Wielu obywateli zarzuca prezydentowi jak i Ministerstwu Obrony Narodowej popełnienie strategicznych błędów i narażenie ich na znaczne straty materialne. Włożyli oni bowiem w tę bitwę pokaźne zasoby własnego golda, nawet grupy bojowe nie dostały rządowego dofinansowania. Na podbitym terenie pozostało również wiele rodzimych firm. - Oddaliśmy ten region, bo koszt jego utrzymania przewyższał miesięczne zyski – odpowiada na zarzuty rzecznik rządu Robert Radziwil. - Dotarły do nas także informacje o nadchodzących zmianach w grze, które według prezydenta Requela i jego doradców z poszczególnych ministerstw oznaczają, że region ten nie będzie miał żadnej wartości ekonomicznej i strategicznej dla rozwoju państwa – dodaje.

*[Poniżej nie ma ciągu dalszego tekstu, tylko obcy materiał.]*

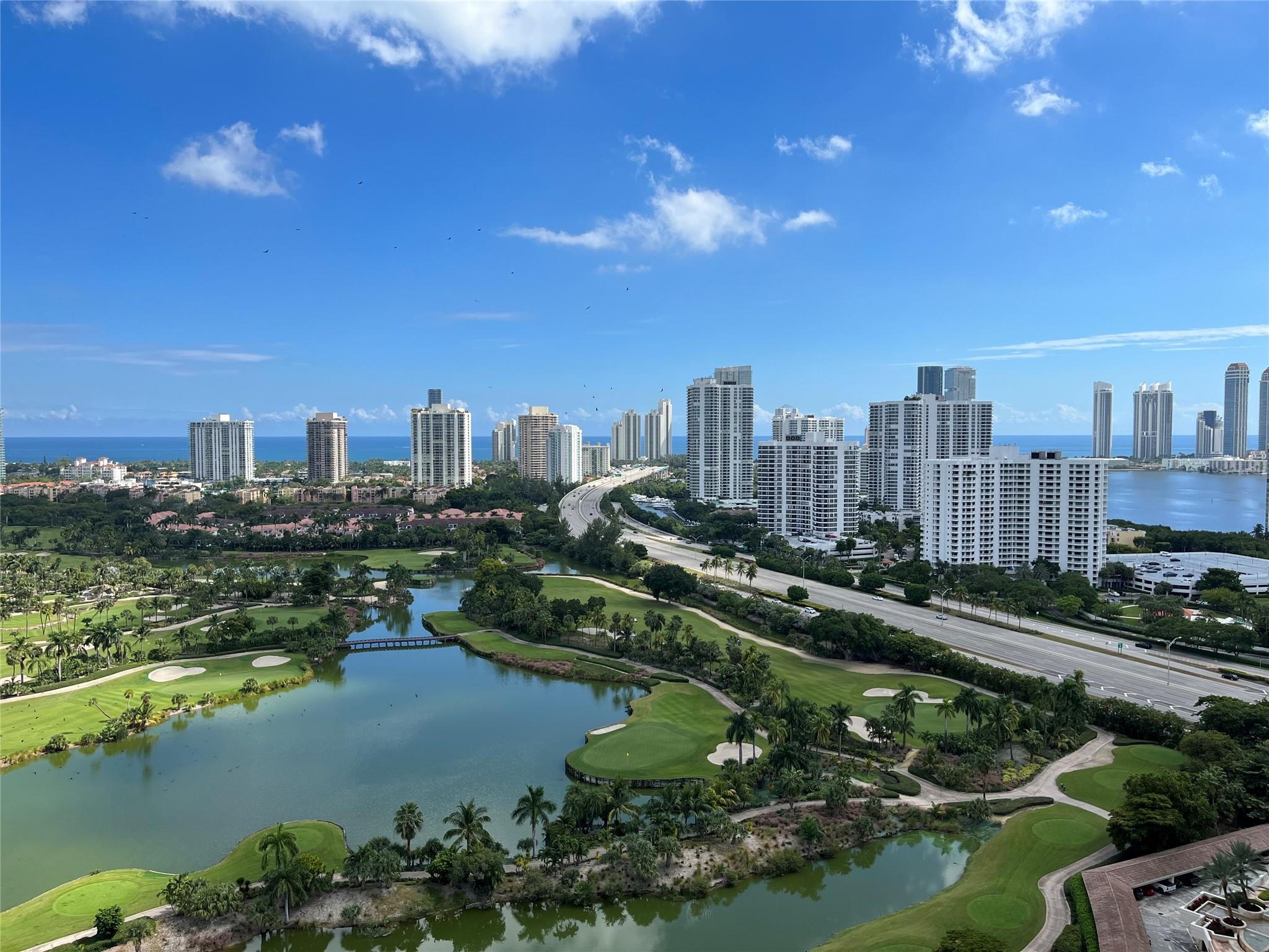 Back on Market… Great view...Turnberry on the Green, beautiful corner unit at with wrap around balcony overlooking the Golf view, ocean view and city of Aventura. Enjoy the best NE sunrise views from this charming light & bright 25th high floor unit. This unit features an open spilt floorplan with 2 bedroom & 2 bathroom. granite kitchen, Carpet floor thought out the unit. The unit in GOOD condition. washer & dryer & 1 parking space. You can enjoy all the amenities the city of Aventura offer. Turnberry on the Green is located in the heart of Aventura on the famous Turnberry Golf course, right in front of the Aventura Mall. The building offers amazing amenities: 24hr concierge, 24hs valet parking, swimming pools, Jacuzzi, 2 story fitness center, sauna. Fast closing.

Dlaczego więc w oficjalnych rozkazach MON-u bitwa o WSR oznaczona była najwyższym, 5-gwiazdkowym priorytetem? - Skoro obrona nie była opłacalna, to dlaczego był rozkaz wykrwawiania się przeciętnych obywateli? A co, jeśli te zmiany [w grze – przyp. red.] nadejdą za pół roku, albo wcale? - pyta Susz. Powiązany z rządem grouth odpowiada, że władze posiadają dokładne informacje od Administracji opisujące nadchodzący update. - Jest podana konkretna data – twierdzi grouth.

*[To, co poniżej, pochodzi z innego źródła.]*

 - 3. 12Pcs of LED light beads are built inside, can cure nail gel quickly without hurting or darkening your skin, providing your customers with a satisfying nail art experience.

Zapytany jednak o dokładny dzień zasłania się tajemnicą, której nie może zdradzić pod groźbą bana. Trudno więc ocenić, czy przesłanki, którymi kierował się rząd "oddając" WSR eRosji są słuszne i czy w ogóle było to celowe działanie, czy po prostu wpadka pokazująca jego słabość. Azareusek całą tę sytuację nazywa wręcz zdradą stanu. Społeczeństwo jest wzburzone, część ludzi nawołuje do impeachmentu. Będziemy na bieżąco obserwować sytuację.